With this simple statement, McNally opens a new line of thought on why adults may recover memories of past traumatic events.

Ending Our Time Together

Research may paint us a more sinister picture than most will be able to reconcile in their minds. Not only does the abuse in childhood need to be repeated enough times to cause structural changes to the child’s brain, but the child must also experience fear or pain during the events.

Add the ingredient of terror into the mix, and one can see why the child’s brain is incapable of encoding and properly storing the memory of what has happened to them. Those memories get lost in the experiences the child has throughout their childhood, allowing them to move on with life. Without this safeguard to protect them, the child would become either insane or possibly die.    

“We are, all of us, just the sum of our memories. When we lose one we lose part of ourselves.” Shirley J. Davis


Billig, M. (1999). Freudian repression: Conversation creating the unconscious. Cambridge University Press.

Bremner, J. D., Vythilingam, M., Vermetten, E., Southwick, S. M., McGlashan, T., Nazeer, A., … & Ng, C. K. (2003).

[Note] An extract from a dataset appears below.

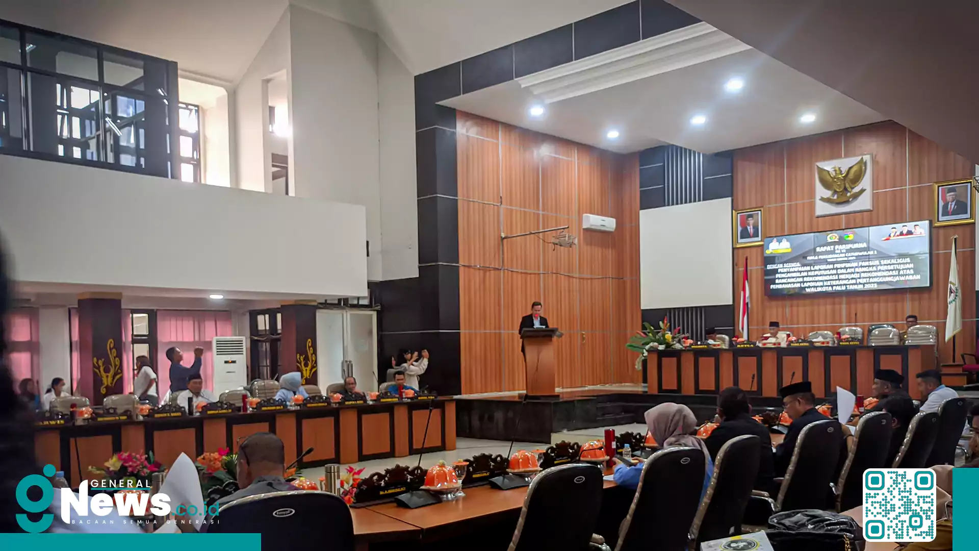 PALU – DPRD Kota Palu, Menggelar rapat Paripurna, dengan agenda penyampaian laporan pimpinan Pansus sekaligus pengambilan keputusan terkait persetujuan rancangan rekomendasi menjadi rekomendasi pembahasan LKPJ Walikota Palu tahun 2023, Senin (22/4/2024) di ruang utama kantor DPRD Palu.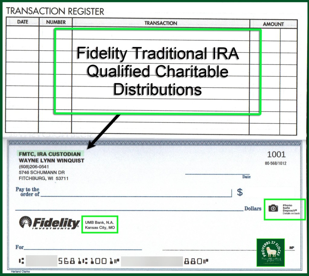 The first QCD contribution from my traditional Fidelity Investments’ IRA has been sent using Fidelity’s web site. I requested checks for my traditional IRA to make it easier to send funds directly to a charity without waiting for Fidelity to print and mail the check. Those checks arrived yesterday.

MRI and PET study of deficits in hippocampal structure and function in women with childhood sexual abuse and posttraumatic stress disorder. American Journal of Psychiatry, 160(5), 924-932.

Freud, S. (1915). Appendix C to the unconscious. Standard edition, 14, 159-215.

Hyman Jr, I. E., Husband, T. H., & Billings, F. J. (1995). False memories of childhood experiences. Applied cognitive psychology, 9(3), 181-197.

Knafo, D. (2009). Freud’s memory erased. Psychoanalytic Psychology, 26(2), 171.

Loftus, E., & Ketcham, K. (1996). The myth of repressed memory: False memories and allegations of sexual abuse. Macmillan.

McEWEN, B. R. U. C. E. (1999). Development of the cerebral cortex: XIII. Stress and brain development: II. Journal of the American Academy of Child & Adolescent Psychiatry, 38(1), 101-103.

McNally, R. J. (2005). Remembering trauma. Harvard University Press.

Van der Kolk, B. A. (1998). Trauma and memory. Psychiatry and Clinical Neurosciences, 52(S1), S52-S64.